PWMU.CO – Syuhada dan Pahlawan, Bedakah? Tulisan Dr H Achmad Zuhdi Dh MFil I—Dosen Pascasarjana UIN Sunan Ampel Surabaya dan Anggota Majelis Tarjih dan Tajdid PWM Jatim—ini diawali dengan hadis dari Abu Hurairah riwayat Muslim.
Nabi SAW bersabda:
مَنْ قُتِلَ فِي سَبِيلِ اللهِ فَهُوَ شَهِيدٌ، وَمَنْ مَاتَ فِي سَبِيلِ اللهِ فَهُوَ شَهِيدٌ، وَمَنْ مَاتَ فِي الطَّاعُونِ فَهُوَ شَهِيدٌ، وَمَنْ مَاتَ فِي الْبَطْنِ فَهُوَ شَهِيدٌ، وَالْغَرِيقُ شَهِيدٌ
“Siapa yang terbunuh di jalan Allah (medan perang), dia syahid. Siapa yang mati (tidak terbunuh dalam perang) di jalan Allah dia syahid. Siapa yang mati karena wabah penyakit, dia syahid. Siapa yang mati karena sakit perut, dia syahid. Siapa yang mati karena tenggelam, dia syahid.”
Status Hadis
Hadis tersebut berstatus sahih menurut Muslim sebagaimana dimuat dalam kitabnya al-Jami’al-Shahih hadis No. 5050 pada Juz VI/51.

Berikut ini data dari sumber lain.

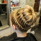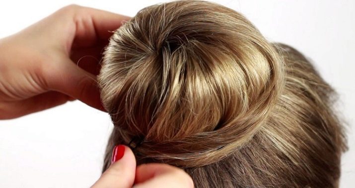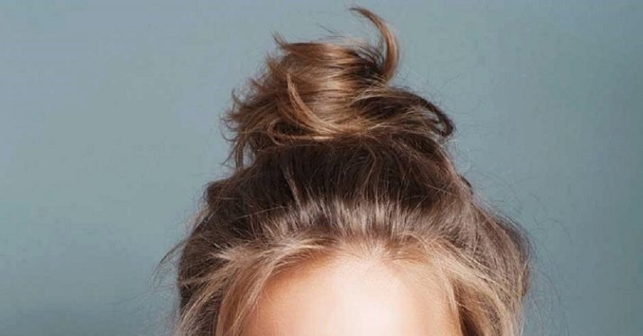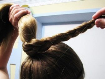 Comb and divide the hair into two “blocks” horizontally so that the upper one is slightly smaller in volume than the lower one. Twist the upper part into a bundle and, turning counterclockwise, make a bunch at the desired height. Stab with studs. From the remaining strands, also create a tourniquet and wrap it around the bundle. Hide the tip of the hair and fix the “composition” with invisibility.

Selain Muslim, yang meriwayatkan hadis tersebut adalah an-Nasai dalam Sunan an-Nasai No. 1646 pada Juz IV/13; Ahmad bin Hanbal dalam Musnad al-Imam Ahmad bin Hanbal No. 8092 pada Juz XIII/456; dan lain-lain. Al-Albani menilai hadis tersebut sahih (al-Albani, Ahkam al-Janaiz, I/36).
Kandungan Hadis
Hadis tersebut menjelaskan bahwa orang-orang yang termasuk dalam kategori mati syahid adalah orang yang terbunuh di medan perang (di jalan Allah). Selain itu, orang yang mati saat berjuang (berdakwah) di jalan Allah juga dianggap mati syahid. Juga orang yang mati karena wabah penyakit juga mati syahid, orang yang mati karena sakit perut juga mati syahid, dan orang yang mati karena tenggelam juga mati syahid.
Secara bahasa, syahid berasal dari kata sya-hi-da (bahasa Arab) yang artinya bersaksi atau hadir. Saksi kejadian, artinya hadir dan ada di tempat kejadian.
Secara istilah, syahid umumnya digunakan untuk menyebut orang yang meninggal di medan jihad (perang suci) dalam rangka menegakkan kalimat Allah. Bentuk jamak dari syahid adalah syuhada, artinya orang-orang yang mati syahid.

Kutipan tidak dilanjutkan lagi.